Aim of the task: The records below must be written out exactly, with every picture left behind.

=== Section Start ===

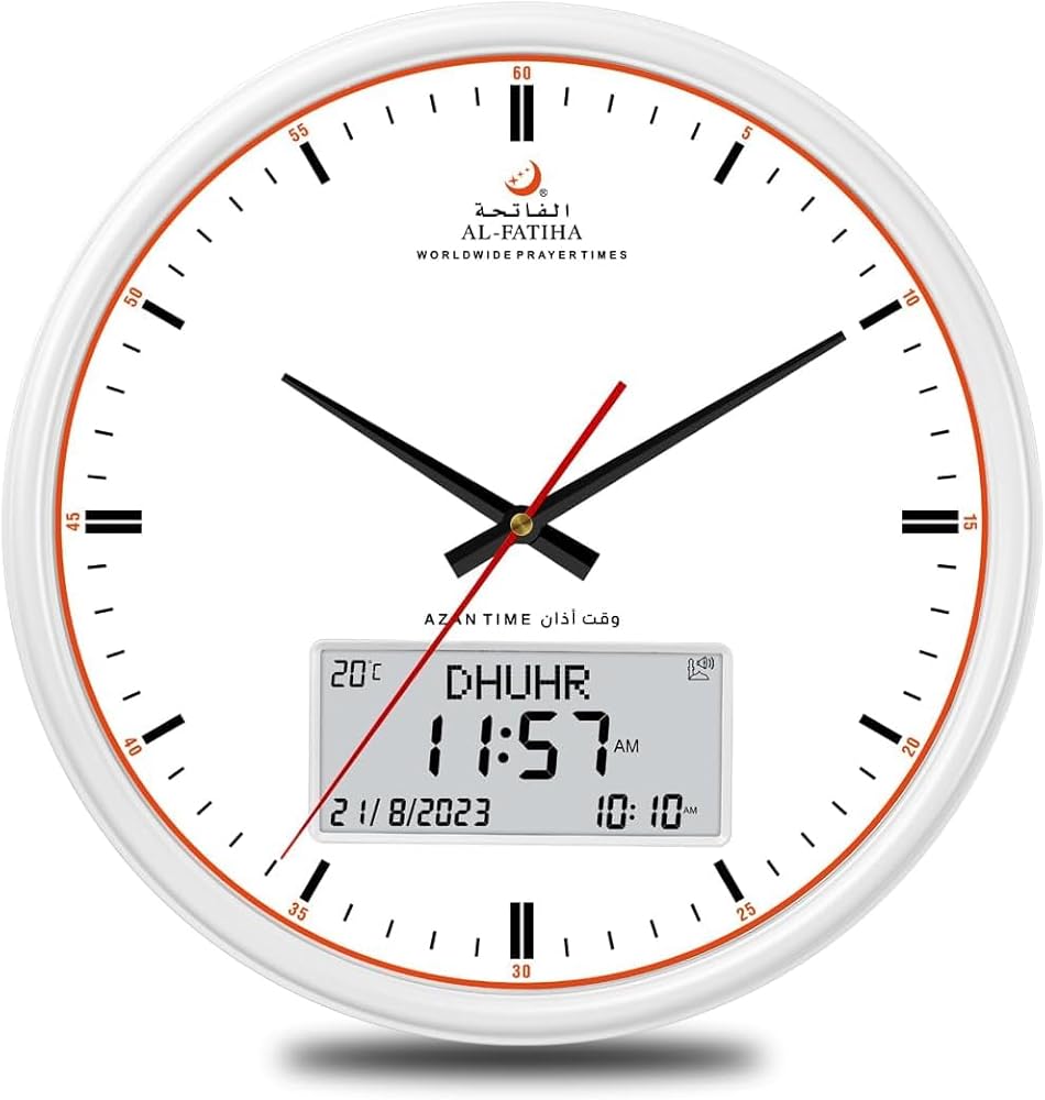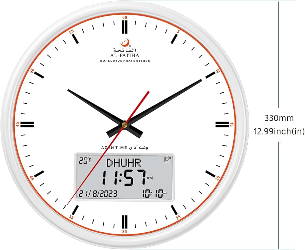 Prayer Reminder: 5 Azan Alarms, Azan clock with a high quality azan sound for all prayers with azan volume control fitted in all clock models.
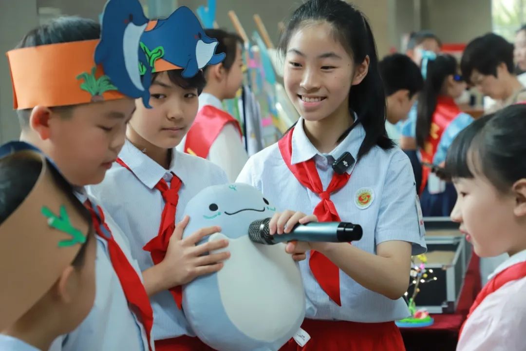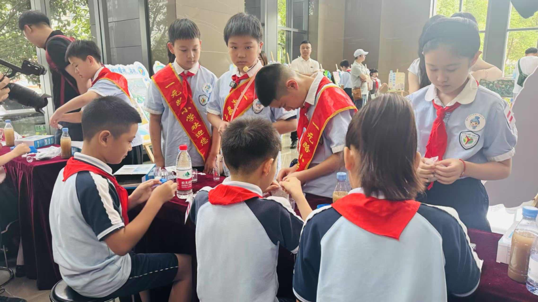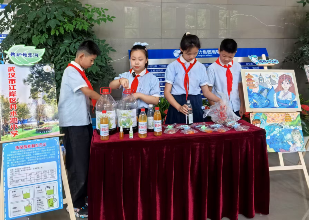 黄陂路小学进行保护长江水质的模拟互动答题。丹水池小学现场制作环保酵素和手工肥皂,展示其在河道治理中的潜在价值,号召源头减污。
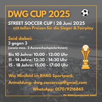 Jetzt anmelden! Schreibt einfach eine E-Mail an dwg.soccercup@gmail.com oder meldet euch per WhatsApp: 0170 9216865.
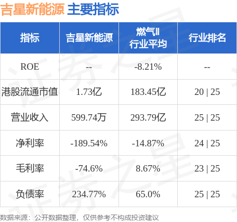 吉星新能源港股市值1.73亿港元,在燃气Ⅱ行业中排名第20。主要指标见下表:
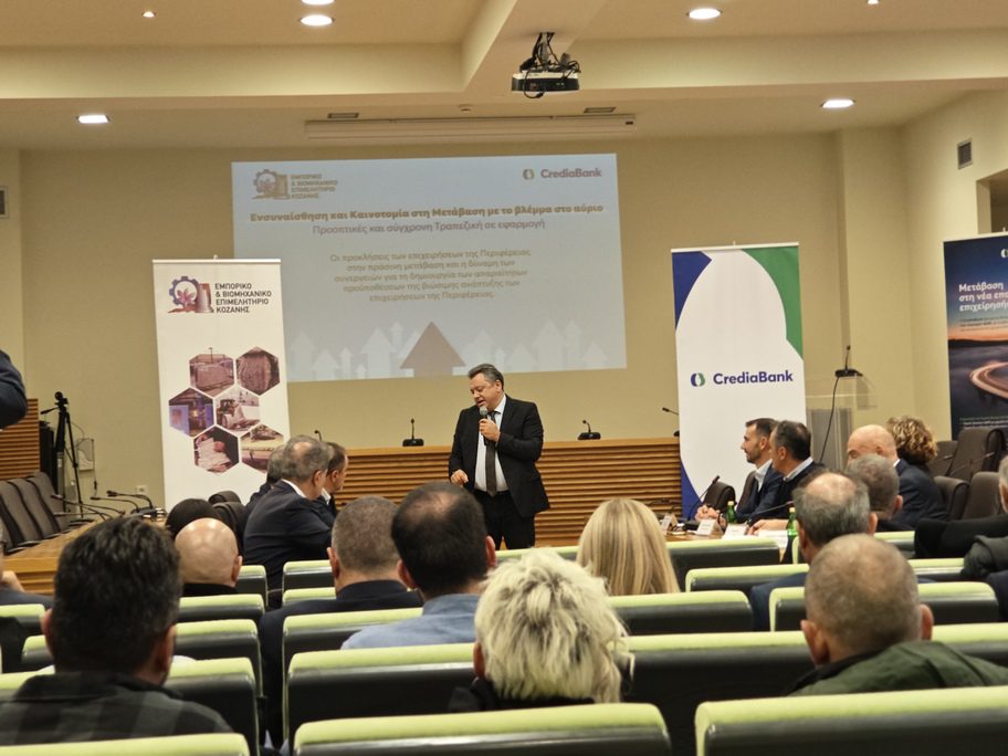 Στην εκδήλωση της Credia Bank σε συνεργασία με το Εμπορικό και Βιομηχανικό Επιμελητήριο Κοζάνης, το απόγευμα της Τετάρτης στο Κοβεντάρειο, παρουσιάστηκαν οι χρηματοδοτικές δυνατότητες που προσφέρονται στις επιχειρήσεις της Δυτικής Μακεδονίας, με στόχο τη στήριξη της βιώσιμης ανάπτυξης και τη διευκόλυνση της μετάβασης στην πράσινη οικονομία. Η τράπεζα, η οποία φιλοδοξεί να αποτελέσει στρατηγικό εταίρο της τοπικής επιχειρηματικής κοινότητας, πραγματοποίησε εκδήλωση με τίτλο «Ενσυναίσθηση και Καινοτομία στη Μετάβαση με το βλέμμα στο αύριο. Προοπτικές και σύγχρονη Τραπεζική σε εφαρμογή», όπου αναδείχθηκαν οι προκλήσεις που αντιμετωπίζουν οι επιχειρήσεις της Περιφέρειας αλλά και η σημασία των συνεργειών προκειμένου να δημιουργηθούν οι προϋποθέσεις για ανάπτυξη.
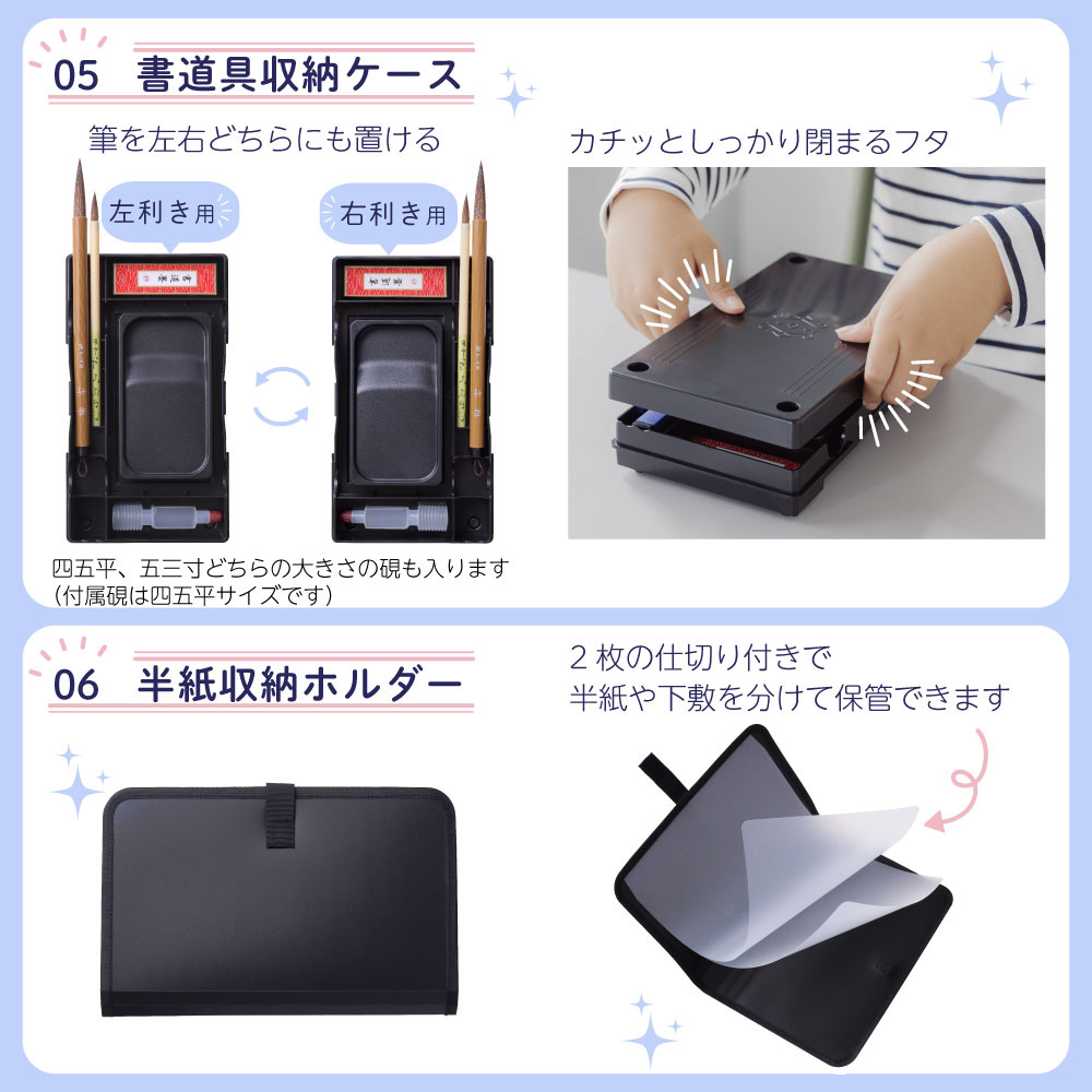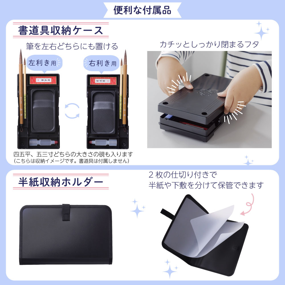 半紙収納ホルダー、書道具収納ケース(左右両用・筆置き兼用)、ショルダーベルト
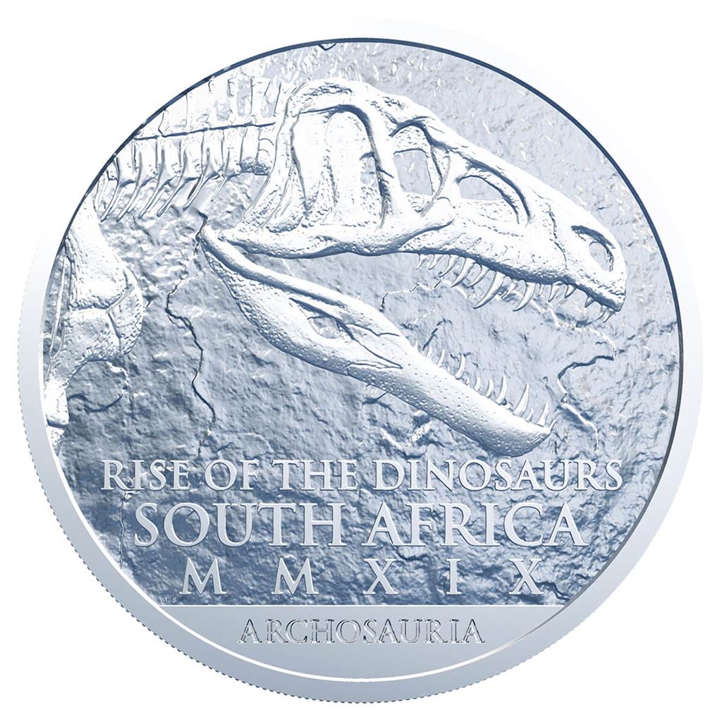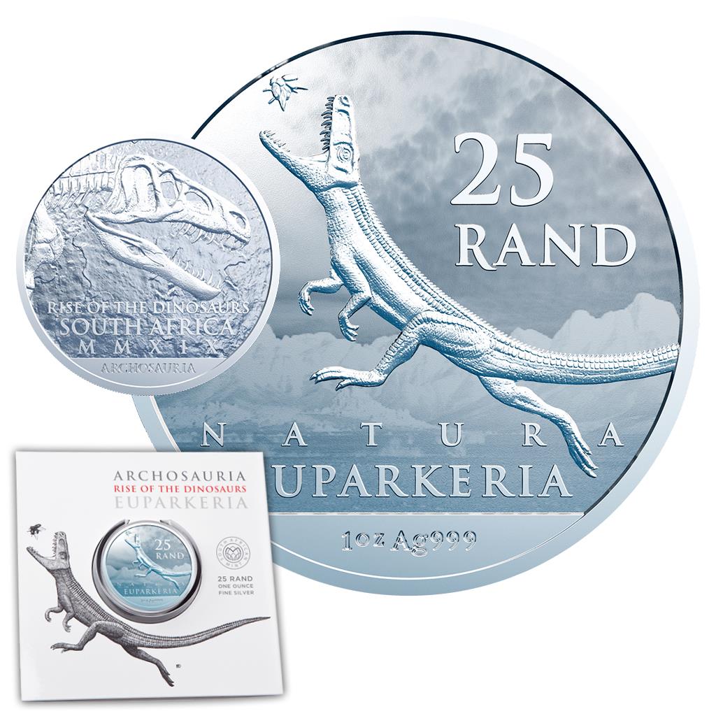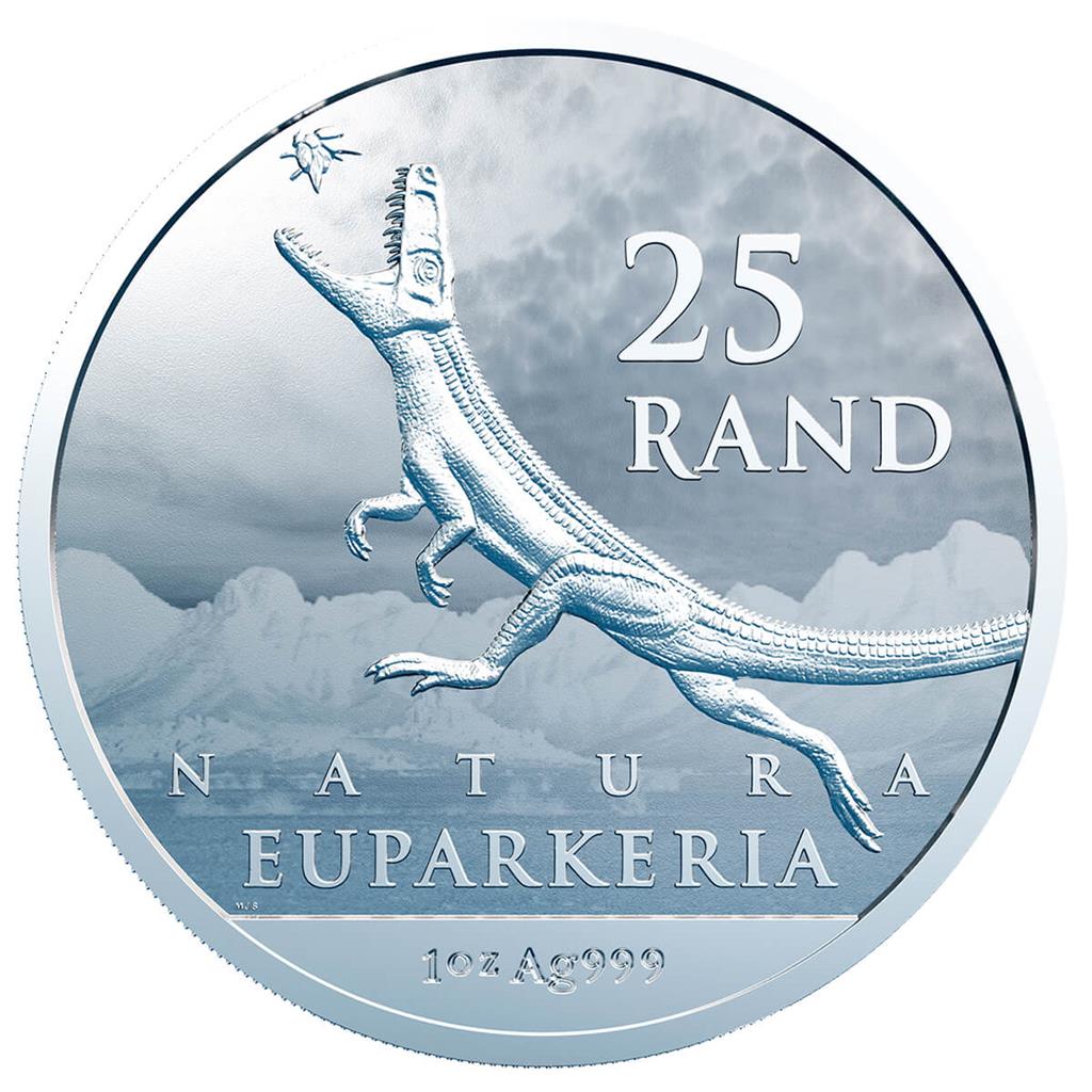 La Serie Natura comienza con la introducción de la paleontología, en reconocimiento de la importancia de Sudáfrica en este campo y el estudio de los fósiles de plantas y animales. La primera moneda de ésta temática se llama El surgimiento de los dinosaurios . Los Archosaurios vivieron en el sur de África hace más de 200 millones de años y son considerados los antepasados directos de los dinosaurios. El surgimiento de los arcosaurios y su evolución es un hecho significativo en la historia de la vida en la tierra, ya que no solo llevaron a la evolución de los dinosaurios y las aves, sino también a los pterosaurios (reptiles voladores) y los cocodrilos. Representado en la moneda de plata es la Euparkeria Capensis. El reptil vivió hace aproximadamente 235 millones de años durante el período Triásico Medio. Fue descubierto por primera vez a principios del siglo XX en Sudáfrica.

=== Section End ===

Written response:
 Prayer Reminder: 5 Azan Alarms, Azan clock with a high quality azan sound for all prayers with azan volume control fitted in all clock models.
 黄陂路小学进行保护长江水质的模拟互动答题。丹水池小学现场制作环保酵素和手工肥皂,展示其在河道治理中的潜在价值,号召源头减污。
 Jetzt anmelden! Schreibt einfach eine E-Mail an dwg.soccercup@gmail.com oder meldet euch per WhatsApp: 0170 9216865.
 吉星新能源港股市值1.73亿港元,在燃气Ⅱ行业中排名第20。主要指标见下表:
 Στην εκδήλωση της Credia Bank σε συνεργασία με το Εμπορικό και Βιομηχανικό Επιμελητήριο Κοζάνης, το απόγευμα της Τετάρτης στο Κοβεντάρειο, παρουσιάστηκαν οι χρηματοδοτικές δυνατότητες που προσφέρονται στις επιχειρήσεις της Δυτικής Μακεδονίας, με στόχο τη στήριξη της βιώσιμης ανάπτυξης και τη διευκόλυνση της μετάβασης στην πράσινη οικονομία. Η τράπεζα, η οποία φιλοδοξεί να αποτελέσει στρατηγικό εταίρο της τοπικής επιχειρηματικής κοινότητας, πραγματοποίησε εκδήλωση με τίτλο «Ενσυναίσθηση και Καινοτομία στη Μετάβαση με το βλέμμα στο αύριο. Προοπτικές και σύγχρονη Τραπεζική σε εφαρμογή», όπου αναδείχθηκαν οι προκλήσεις που αντιμετωπίζουν οι επιχειρήσεις της Περιφέρειας αλλά και η σημασία των συνεργειών προκειμένου να δημιουργηθούν οι προϋποθέσεις για ανάπτυξη.
 半紙収納ホルダー、書道具収納ケース(左右両用・筆置き兼用)、ショルダーベルト
 La Serie Natura comienza con la introducción de la paleontología, en reconocimiento de la importancia de Sudáfrica en este campo y el estudio de los fósiles de plantas y animales. La primera moneda de ésta temática se llama El surgimiento de los dinosaurios . Los Archosaurios vivieron en el sur de África hace más de 200 millones de años y son considerados los antepasados directos de los dinosaurios. El surgimiento de los arcosaurios y su evolución es un hecho significativo en la historia de la vida en la tierra, ya que no solo llevaron a la evolución de los dinosaurios y las aves, sino también a los pterosaurios (reptiles voladores) y los cocodrilos. Representado en la moneda de plata es la Euparkeria Capensis. El reptil vivió hace aproximadamente 235 millones de años durante el período Triásico Medio. Fue descubierto por primera vez a principios del siglo XX en Sudáfrica.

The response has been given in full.